Directions: Leave every picture out, and print the full listing again exactly.

Collected data:
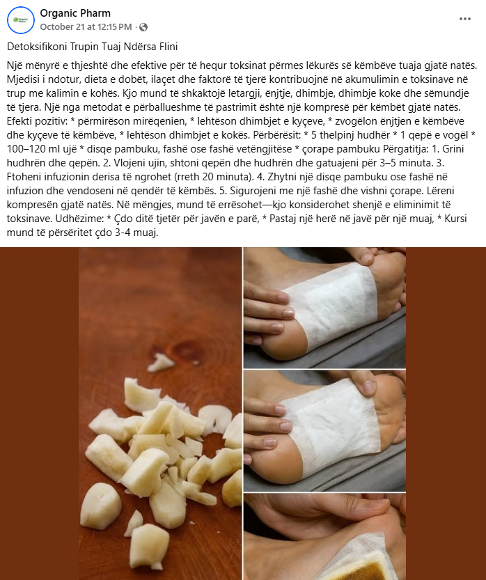 Një postim me mbi 300 pëlqime në Facebook udhëzon përdoruesit të përdorin një kompresë për këmbët me qepë dhe hudhra për të pastruar trupin nga toksinat.
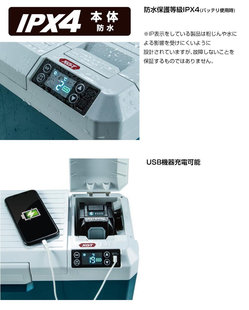 【コンパクト 現場 アウトドア ハンドル ショルダーベルト付 シガーソケット 長時間 保冷 保温 コーキング剤 調整14段階 USB機器充電 栓抜き付 ハイブリッド 充電式 コードレス 電動式 100V 工具 電動工具 DIY ツール 工具 用品 makita 純正品】
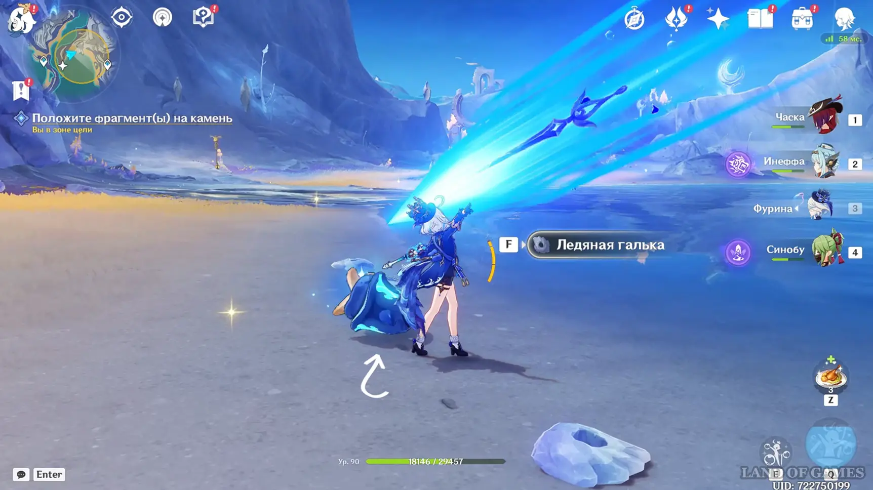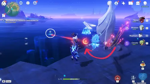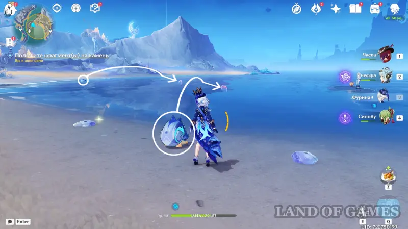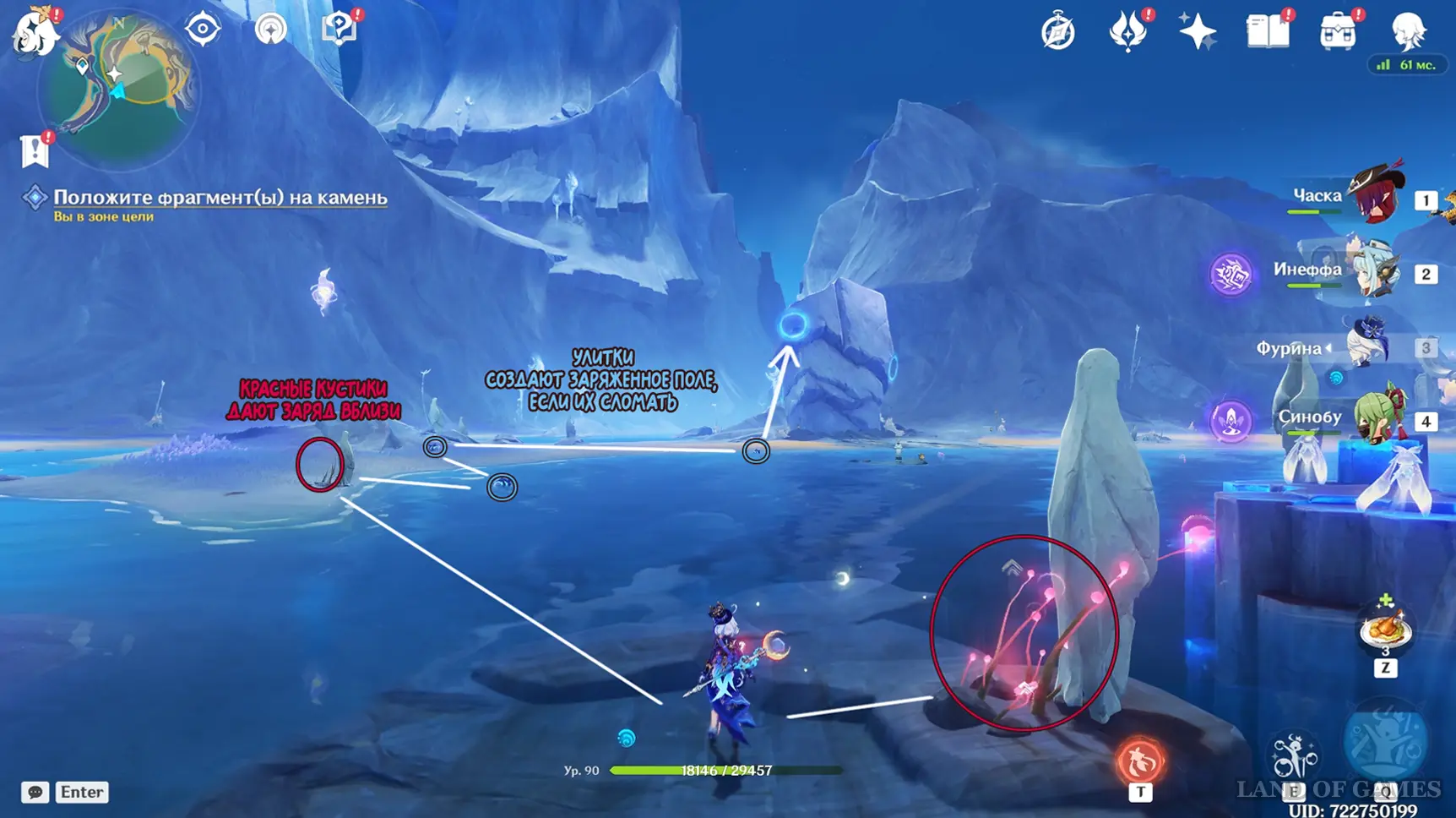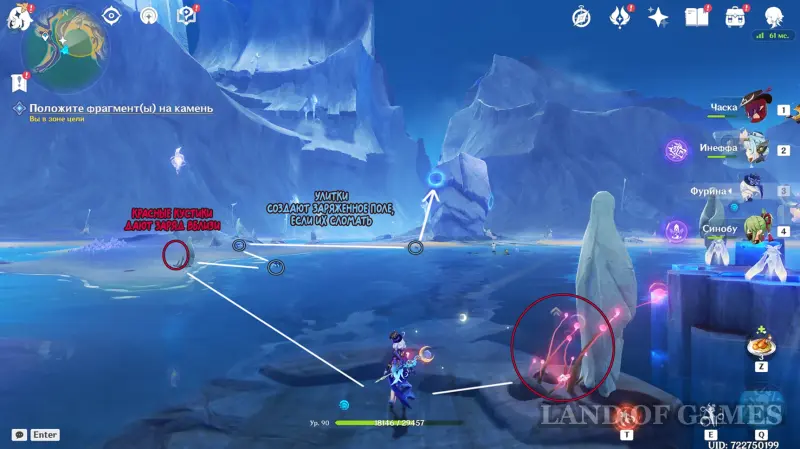 Его нужно донести до скалы по дугообразной береговой линии. Как только вы будете отходить от растений, осколок начнет падать, поэтому ваша задача — передвигаться от кустов у стартовой статуи к другим заряжающим героя объектам (например, к таким же кустам или раковинам, которые нужно ударить на месте, временно получив заряженный голубой сгусток). Траекторию передвижения, все объекты и процесс ломания улиток мы показали на скриншотах выше.

Output below:
 Një postim me mbi 300 pëlqime në Facebook udhëzon përdoruesit të përdorin një kompresë për këmbët me qepë dhe hudhra për të pastruar trupin nga toksinat.
 【コンパクト 現場 アウトドア ハンドル ショルダーベルト付 シガーソケット 長時間 保冷 保温 コーキング剤 調整14段階 USB機器充電 栓抜き付 ハイブリッド 充電式 コードレス 電動式 100V 工具 電動工具 DIY ツール 工具 用品 makita 純正品】
 Его нужно донести до скалы по дугообразной береговой линии. Как только вы будете отходить от растений, осколок начнет падать, поэтому ваша задача — передвигаться от кустов у стартовой статуи к другим заряжающим героя объектам (например, к таким же кустам или раковинам, которые нужно ударить на месте, временно получив заряженный голубой сгусток). Траекторию передвижения, все объекты и процесс ломания улиток мы показали на скриншотах выше.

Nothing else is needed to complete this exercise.